Manus is a 13 minute documentary produced and directed by Australian artist and filmmaker Angus McDonald. The film is based on footage which was shot by award winning Australian journalist Olivia Rousset when she travelled secretly to Manus Island with two other Australian refugee advocates at the end of 2017. The footage was filmed under the cover of darkness which includes interviews with men who have been locked up waiting for news that may never come — freedom. 

The Papua New Guinea (PNG) Supreme Court ordered the Australian Federal Government shut the detention centre at Lombrum on Manus Island.

"That was a very important moment in the history of this most recent chapter in Australia’s offshore processing policy because this was a tough time when the PNG Supreme Court ordered the federal government shut the detention centre at Lombrum on Manus Island, they found it unconstitutional.”
McDonald told SBS Kurdish it was an appropriate time for the Federal government to bring the 650 men who had been on Manus for four and a half years, to Australia.

"But they didn’t do that, instead they ordered to move them to three new centres and as a result hundreds of men refused to leave which resulted in a standoff that lasted 24 days," McDonald said.

“The men on Manus took this moment in time to demand their freedom after four and half years of detention and this standoff continued until police under the orders of the Australian Federal Government forcibly moved them to the new centres.

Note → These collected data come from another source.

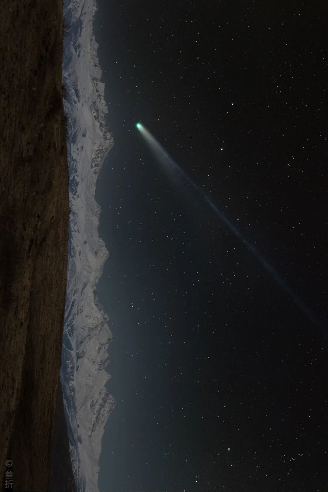 当莱蒙彗星的绿光划破夜空,雪山的轮廓在暗夜里格外清晰,200mm见证了这场宇宙与大地的邂逅。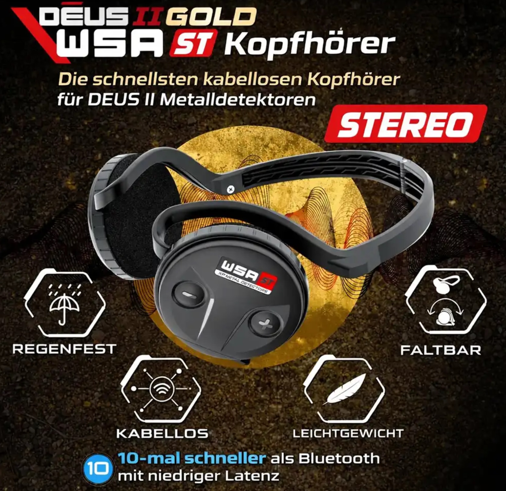 Der XP Deus 2 Gold Metalldetektor ist der weltweit erste vollständig kabellose Fast Multi Frequency (FMF) Metalldetektor und setzt neue Maßstäbe bei der Suche nach Gold und anderen wertvollen Objekten. Dank der von XP patentierten, ultraschnellen Funktechnologie arbeitet das System bis zu 10-mal schneller als Bluetooth Low Latency und sorgt für eine besonders präzise, stabile und reaktionsschnelle Ortung. Die kabellosen Kopfhörer sind bereits im Lieferumfang enthalten und machen das Sondeln noch komfortabler.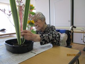 つきおかの里では、月に一度クラブ活動として生け花を活けています。
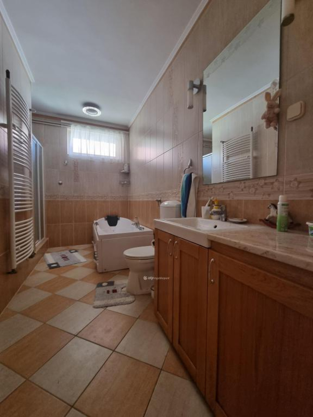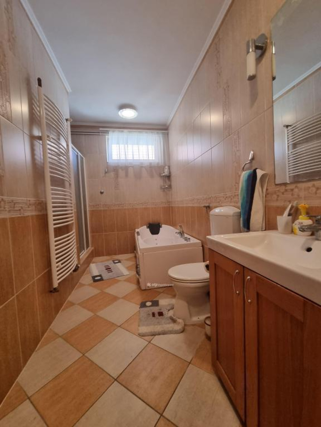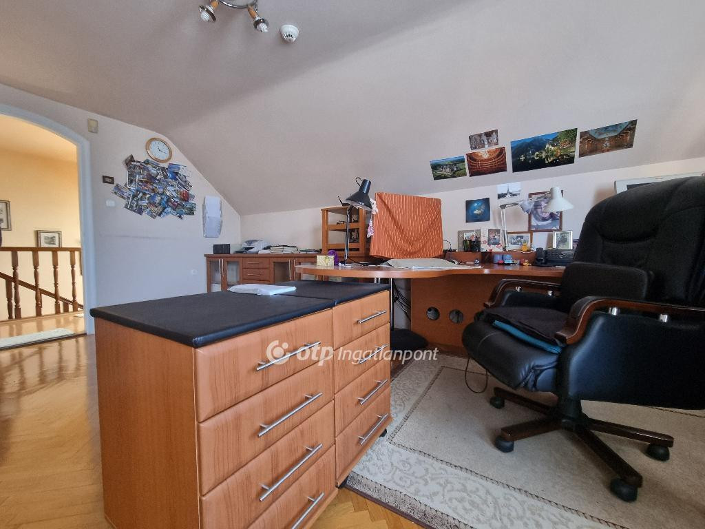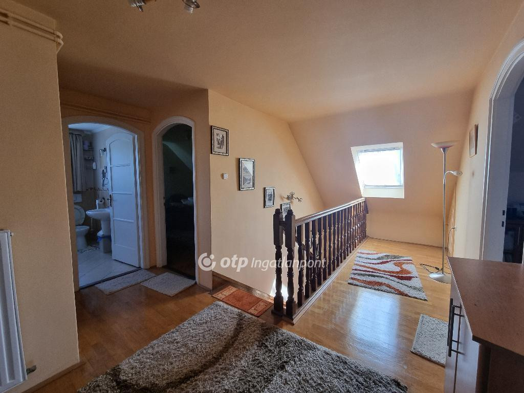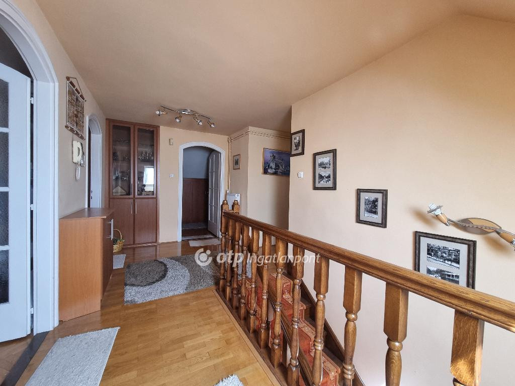 Eladásra kínálok Veszprém vármegyében, Pápa közkedvelt, újépítésű lakónegyedében egy remek elrendezésű, kétszintes, 209 m2-es, befektetési célnak kiváló, több generáció együttlakására is alkalmas, családi házat, dupla, 874 m2-es telken. Az ingatlan adottságaiból kifolyólag kiválóan alkalmas befektetési célra: akár vendégházról, panzióról vagy lakás kiadásról legyen szó. Elrendezés tekintetében áll: 4 teljes értékű lakószobából, egy hangulatos nappaliból és étkezőből, konyhából, előszobából és közlekedőből mindkét szintem, gardróbszobából, kamrából, kazánházból és raktárhelyiségből, két fürdőszobából és illemhelyiségből, szaunahelységből, mosókonyhából valamint egy teraszból. A lenti és az emeleti lakóteret egy gyönyörű, világos lépcsőház köti össze. A ház 4 szobája és a nappali fa parkettás, a többi helyiség kerámia burkolatú. Mindkét fürdőszoba kényelmes, nagyméretű, mindkettőben jacuzzi és zuhanyzó került beépítésre. Gáz cirkó kazán szolgáltatja a melegvíz ellátását és a fűtését, padlófűtéses és radiátoros hőleadással, erre a nappali díszeként is pompázó és a téli estéket hangulatossá varázsló kiválóan működő kandalló is rásegít valamint hűtő-fűtő klima. Az ingatlan mérete ellenére alacsony rezsi számlával rendelkezik. A ház kiváló statikai és szerkezeti állapotú, hatalmas nyílászárói vannak, világos tereket biztositva. Udvara rendezett, körbekerített elektromos kapúval, részben füvesített, részben térkövezett, ahol dupla garázs és egy fatároló is megtalálható. A parkosított udvar kellemes pihenési lehetőséget nyújt a nyári napokra az ide költöző családtagjainak. Az ingatlan utcafronti részén, térkövezett parkolási lehetőség van. Az ingatlan kiváló elhelyezkedéssel rendelkezik, ahonnét könnyen elérhetőek a közintézmények, élelmiszerboltok, drogériák, gyógyszertár, buszpályaudvar, sétálóutca és minden létfontosságú üzlet. Az otthonosan kialakított családiházat ajánlom mindazon vevők részére, akik egy szép, családias, nyugodt kertvárosi részen kívánnak élni, távol a város zajától. Az ingatlan paramétereit tekintve tökéletes egy családi háznak vagy akár üzleti szempontból is jó befektetés lehet. Az otthonosan kialakított családiházat ajánlom mindazon vevők részére, akik egy szép, igényes ingatlant szeretnének. Az OTP Ingatlanpont teljes körű ügyintézéssel áll az eladók és a vevők rendelkezésére. A kínálatunkból választott ingatlan finanszírozásához kedvezményes hitelkonstrukciót kínálunk. Otthon Start Hitelprogram. Az adásvételi szerződés megkötéséhez igény szerint megbízható ügyvédi közreműködést biztosítunk, és segítséget nyújtunk az adásvételhez kapcsolódó ügyek intézéséhez is. Az ingatlanról készült alaprajz, illetve fényképfelvételek az Otp ingatlanpont szellemi tulajdonát képezik. Amennyiben felkeltette érdeklődését az általam kínált ingatlan, keressen bizalommal. Ne habozzon tovább, hiszen ez a ház valóban páratlan lehetőséget kínál! SZEREZZE MEG EZT A MODERN ÉS STÍLUSOS OTTHONT, HÍVJA MOST A MEGADOTT TELEFONSZÁMOT, ÉS LÉPJEN KÖZELEBB ÁLMAI OTTHONÁHOZ!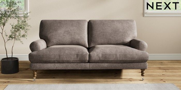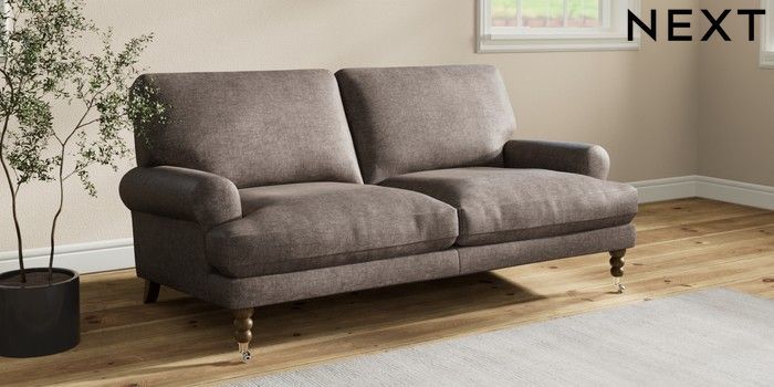 7.2.10 Erin Deep Relaxed Sit 3 Seater Small Sofa Plush Chenille Mink Brown High Classic Turned Chrome Castor - Mid | Made Click here to use our website with more accessibility support, for example screen readers

It was during this period of standoff Olivia and two others secretly travelled there for one night and film testimonial for men.”

Telling a story that hasn’t been told from behind impenetrable fences in Australia’s immigration detention centre on Papua New Guinea’s Manus Island, is not an easy task.
McDonald said the biggest challenge making the documentary was creating a narrative by using just various bits of dialogue from the men - and only including their words and pictures.

“I want to, I guess to create an underlying narrative about their situation in various small excerpts of the things they said on film, I think that was the hardest thing to try tie up together and make it coherent, I think we did it," McDonald said.